Task prompt - An exact restatement of all the data is required, with the pictures left out.

The data -

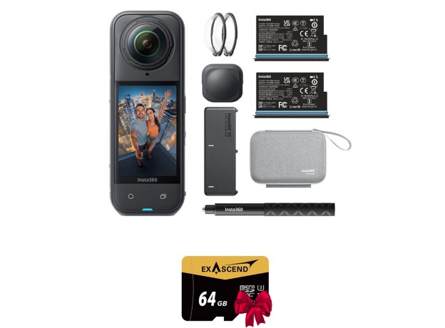 Camera 360° 8K Insta360 X5 Essentials Bundle nâng cấp với khả năng quay HDR 8K30 360° và công nghệ ánh sáng yếu được tăng cường PureVideo ở chế độ ống kính kép hoặc ống kính đơn, tất cả trong một camera hành động di động. Phiên bản Essentials Bundle này bao gồm máy quay X5, bộ bảo vệ ống kính, 2 pin, nắp ống kính, hộp đựng, hộp sạc nhanh và gậy selfie 114cm.
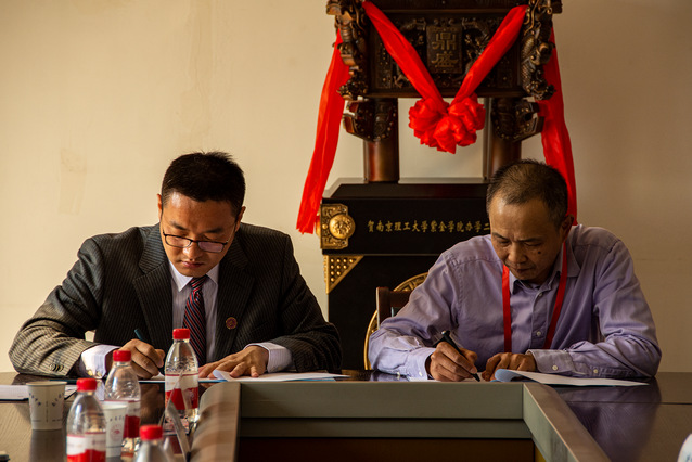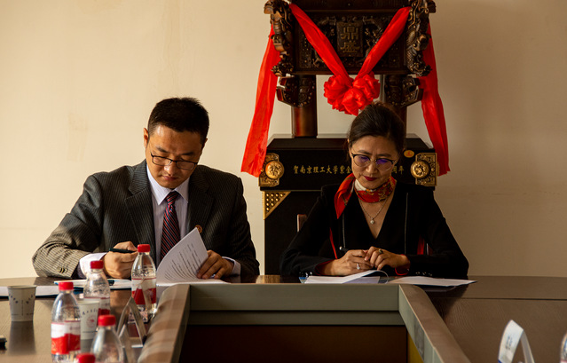 随后,马跃勇和江苏南洋文理研修学院院长陈阳共同为纪念鼎揭幕。
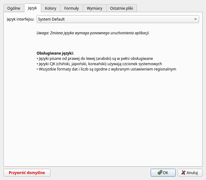 Ważne: Zmiana języka wymaga ponownego uruchomienia aplikacji
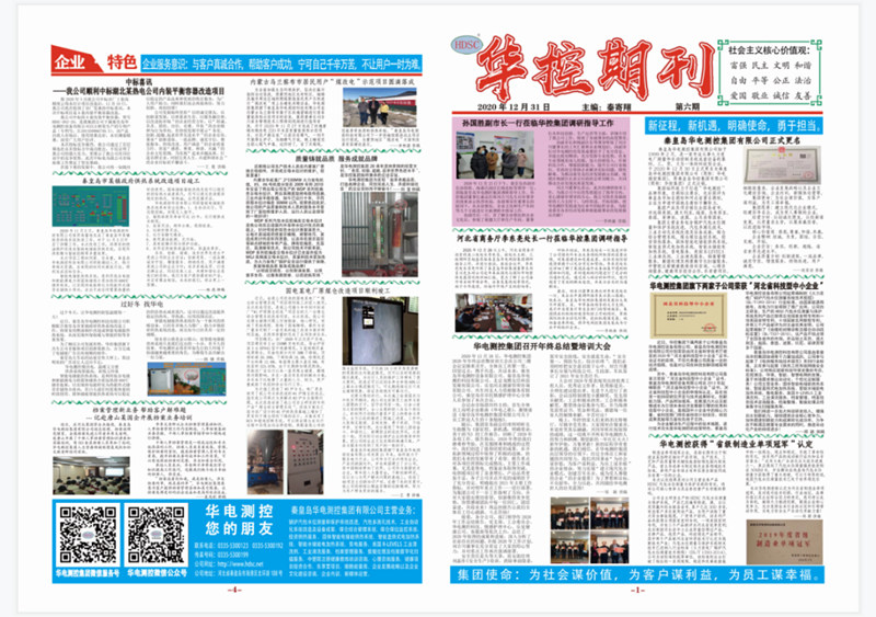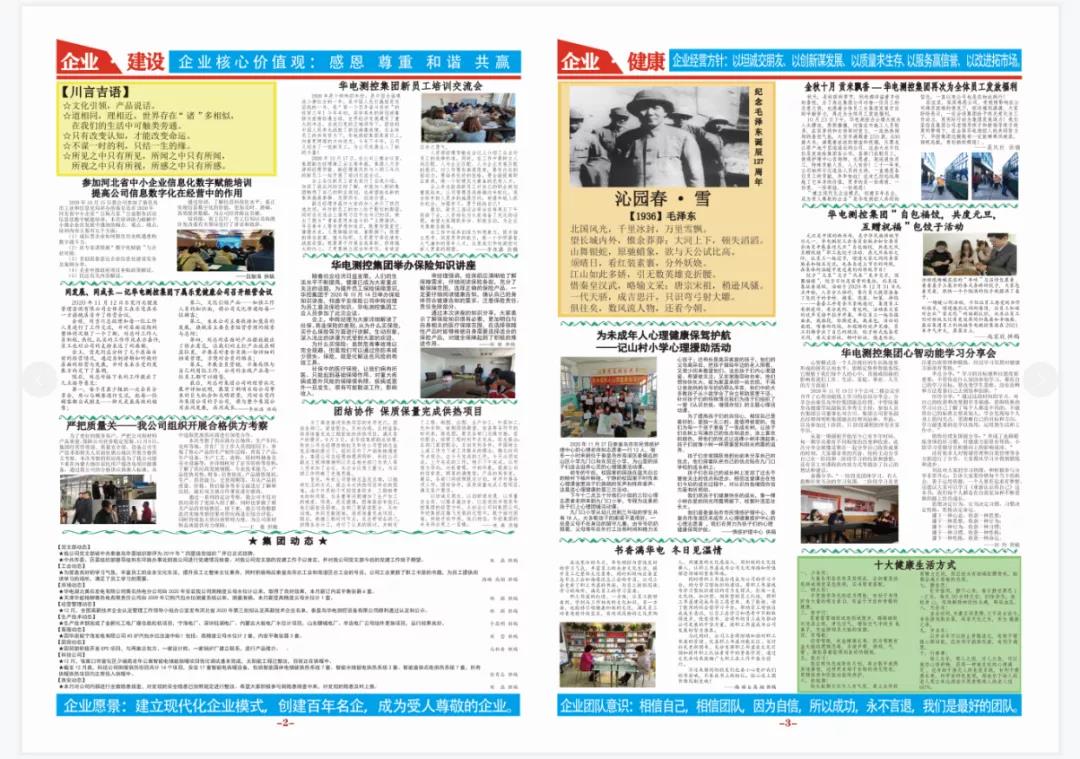 華電測控期刊自創(chuàng)建成立以來,以集團各子公司發(fā)展主營業(yè)務(wù)、黨建活動、情感護理、健康管理為內(nèi)容,旨在向大家宣傳公司的企業(yè)文化和致力于打造“華電測控”品牌形象,堅持為社會謀價值、為客戶謀利益、為員工謀幸福的集團使命;堅持建立現(xiàn)代化企業(yè)模式、創(chuàng)建百年名企、成為受人尊敬企業(yè)的集團愿景;堅持“以坦誠交朋友、以創(chuàng)新謀發(fā)展、以質(zhì)量求生存、以服務(wù)贏信譽、以改進拓市場”的企業(yè)經(jīng)營方針;以“坦誠、負責(zé)、團結(jié)、自信、克難、開拓”的企業(yè)精神為行為導(dǎo)向;在持續(xù)發(fā)展中展示“務(wù)實、創(chuàng)新、超越、追求世界先進水平”的企業(yè)宗旨;秉承“創(chuàng)新進取、一流品牌、誠實守信、增值服務(wù)、持續(xù)改進、用戶滿意”的企業(yè)質(zhì)量方針;營造“感恩、尊重、和諧、共贏”的企業(yè)文化氛圍。

Exercise solution -
 Camera 360° 8K Insta360 X5 Essentials Bundle nâng cấp với khả năng quay HDR 8K30 360° và công nghệ ánh sáng yếu được tăng cường PureVideo ở chế độ ống kính kép hoặc ống kính đơn, tất cả trong một camera hành động di động. Phiên bản Essentials Bundle này bao gồm máy quay X5, bộ bảo vệ ống kính, 2 pin, nắp ống kính, hộp đựng, hộp sạc nhanh và gậy selfie 114cm.
 随后,马跃勇和江苏南洋文理研修学院院长陈阳共同为纪念鼎揭幕。
 Ważne: Zmiana języka wymaga ponownego uruchomienia aplikacji
 華電測控期刊自創(chuàng)建成立以來,以集團各子公司發(fā)展主營業(yè)務(wù)、黨建活動、情感護理、健康管理為內(nèi)容,旨在向大家宣傳公司的企業(yè)文化和致力于打造“華電測控”品牌形象,堅持為社會謀價值、為客戶謀利益、為員工謀幸福的集團使命;堅持建立現(xiàn)代化企業(yè)模式、創(chuàng)建百年名企、成為受人尊敬企業(yè)的集團愿景;堅持“以坦誠交朋友、以創(chuàng)新謀發(fā)展、以質(zhì)量求生存、以服務(wù)贏信譽、以改進拓市場”的企業(yè)經(jīng)營方針;以“坦誠、負責(zé)、團結(jié)、自信、克難、開拓”的企業(yè)精神為行為導(dǎo)向;在持續(xù)發(fā)展中展示“務(wù)實、創(chuàng)新、超越、追求世界先進水平”的企業(yè)宗旨;秉承“創(chuàng)新進取、一流品牌、誠實守信、增值服務(wù)、持續(xù)改進、用戶滿意”的企業(yè)質(zhì)量方針;營造“感恩、尊重、和諧、共贏”的企業(yè)文化氛圍。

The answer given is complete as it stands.